As long as you use just a little bit of throttle, wheel off-ground, to do the testing, you shouldn't burn anything.
 
I am somewhat horrified by this test to see approach. Having gone through it a few times just pisses me off to no end. Reminds me of a time I had a rigger move a old milling machine and before I could stop him, he disconnected the motor wires and pulled motor off so it would fit the box truck. 2 speed 3 phase motor with no wire markings.

All the top electricians and motor repair folks told me I had to rewind or go through this type of trial and error to find the correct wire orders.

Simple solution was to put a analog multi meter on the phase wires and slowly rotate the rotor to clearly identify the phase order. Worked perfect.

Halls order, in direction of rotation should be able to be done in somewhat similar fashion but easier due their on-off response. They will be A-B-C or C-B-A (1-2-3 or 3-2-1). Just marking - identifying the center leg on them would be a big help. Phase wires should clearly be induced with similar voltage spike as on the induction motor. Simply identifying phase and hall order on controller? Physical layout possibly?
 
speedmd said:
Simple solution was to put a analog multi meter on the phase wires and slowly rotate the rotor to clearly identify the phase order. Worked perfect.

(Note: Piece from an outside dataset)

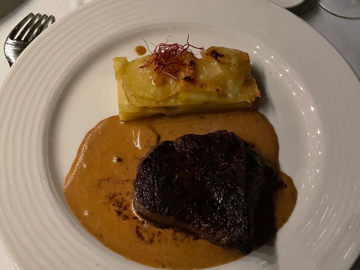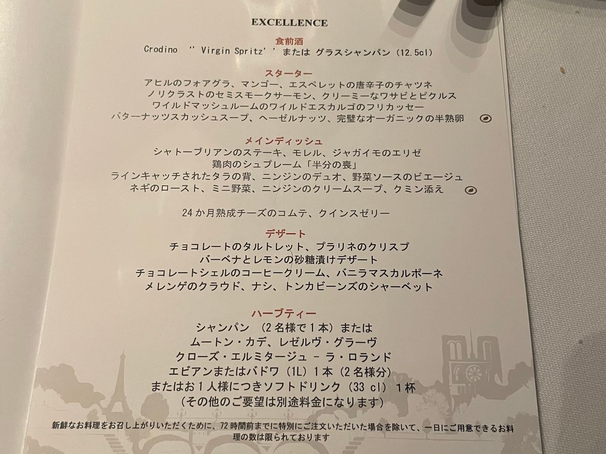 18:45に乗船、3月末はまだ、薄暮の状態で、ディナーの途中からエッフェル塔も点灯されました。今後の夏の時期は、乗船から夜景を楽しむのなら、後のコースを選択する方が良いでしょう。ディナーの飲み物、メインは、机の上のQRコードを読んでメニューが出るのでそこから選択してください。せきを選び場合は、ぜひ窓際の席を。

Halls order, in direction of rotation should be able to be done in somewhat similar fashion but easier due their on-off response. They will be A-B-C or C-B-A (1-2-3 or 3-2-1). Just marking - identifying the center leg on them would be a big help. Phase wires should clearly be induced with similar voltage spike as on the induction motor.
This is what the "ebike testers" do, using LEDs laid out in a circle or in a grid. Using one of those makes it fairly easy.

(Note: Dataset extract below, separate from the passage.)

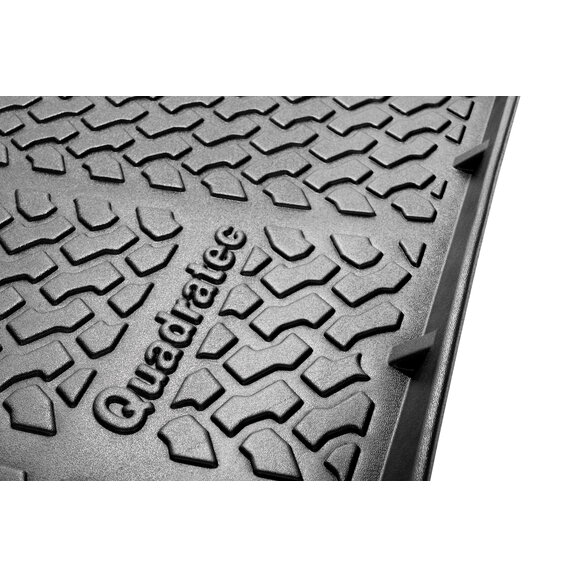 Presenting the only Floor Liners good enough to bear the Quadratec name! Our Ultimate Floor Liners are affordably priced and are cleverly designed to feature the best Limited Lifetime Warranty in the business! Our Essential® Floor Liners for Wrangler provide ultimate floor protection for active lifestyles, and are engineered with the finest materials for total protection against water, snow and mud. Get complete protection for your carpeting with our Essential Cargo Liners. Our exclusive liners feature 2" tall edges that contain big spills, messy cargo and feature a Unique tread pattern that is Exclusive to Quadratec. Engineered for a custom fit and warranted for life. Extra tough Thermoplastic Olefin construction is chemical and stain resistant and are quickly removable for cleaning. Thick and durable design provides guaranteed floor protection when hauling building materials, gardening supplies, the weekly groceries or a wet dog. This rear cargo area liner is designed to fit the Wrangler JK 2 door with the rear seat removed. For 2 Door Jeeps with the rear seat installed, please see our Recommended Items section for the 2 Door Behind the Seat Cargo Liner. The shallow textured tire tread pattern helps keep cargo from shifting

But without one, while it seems simple to do this sort of test, instructing people on how to use a multimeter (itself a significant task sometimes, as they often don't follow steps *exactly*...and that's assuming they're willing to go buy even the cheapest one cuz they dont' usually have one), then how to setup a power supply with pullup resistor on each hall signal (since you don't get a valid signal without one, as the typical motor hall is open-collector), then how to look for the very small voltage pulse you get out of each pass of a magnet on a phase coil at slow speeds like just rocking a motor back and forth to get a single pulse while keeping track of a specific hall responding to the magnet at the same time, etc. (assuming that's the method used to match hall to phase).

Alternately, using six resistors and six LEDs and a 9v battery to build a simple version of the phase/hall part of an ebike tester....

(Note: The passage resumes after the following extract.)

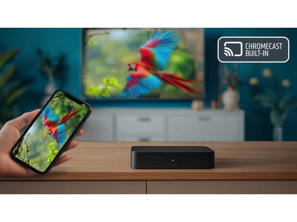 Evolveo Dcolor GD2 má integrovanou technologii Chromecast, takže už nemusíte řešit žádné kabely ani složité aplikace. Jedním kliknutím můžete „odeslat" video, film, fotky nebo třeba hudbu z mobilu či tabletu rovnou na obrazovku televize. Funguje to s oblíbenými aplikacemi jako je YouTube, Netflix, Spotify a stovkami dalších. Stačí mít zařízení ve stejné Wi-Fi síti a během vteřiny máte obsah ve velkém formátu.

If can come up with a good detailed step by step instruction set that someone with zero experience at anything electrical can follow, I can copy it to the Technical Reference area, and we can at least try to get people to try it.



Simply identifying phase and hall order on controller? Physical layout possibly?
Not usually possible because the winding pattern is not necessarily related to where the phase wires are tied into the coils, or the order they are done so in, vs where the halls are located and the order they are in. Similarly, the motor controller hall wire order on the board may not be anything to do with the phase wire order (though at least the phase wire connections to the fets are obvious), and the order the pads are on the board may also not be the order they go into the MCU input pins (though they probably are), and the order the MCU firmware *reads* the pins cannot be known even though it is likely they are read in the same sequence they are physically laid out in, one can't know if they started at the "top" or "bottom" or "left" or "right" of the pin order. :/

When I have tried it that way, I never found any consistency between motors or controllers with different designs or even very similar ones. :/ (even the order the colors are soldered onto the phases or pcbs in either motor or controller aren't always the same even within the same brand and model motor or controller).

But if you can find a way to do this consistently between different setups, it'd be a great help to those willing to open up their stuff to find out the order rather than an electrical test, and it can be copied over to the Technical Reference area.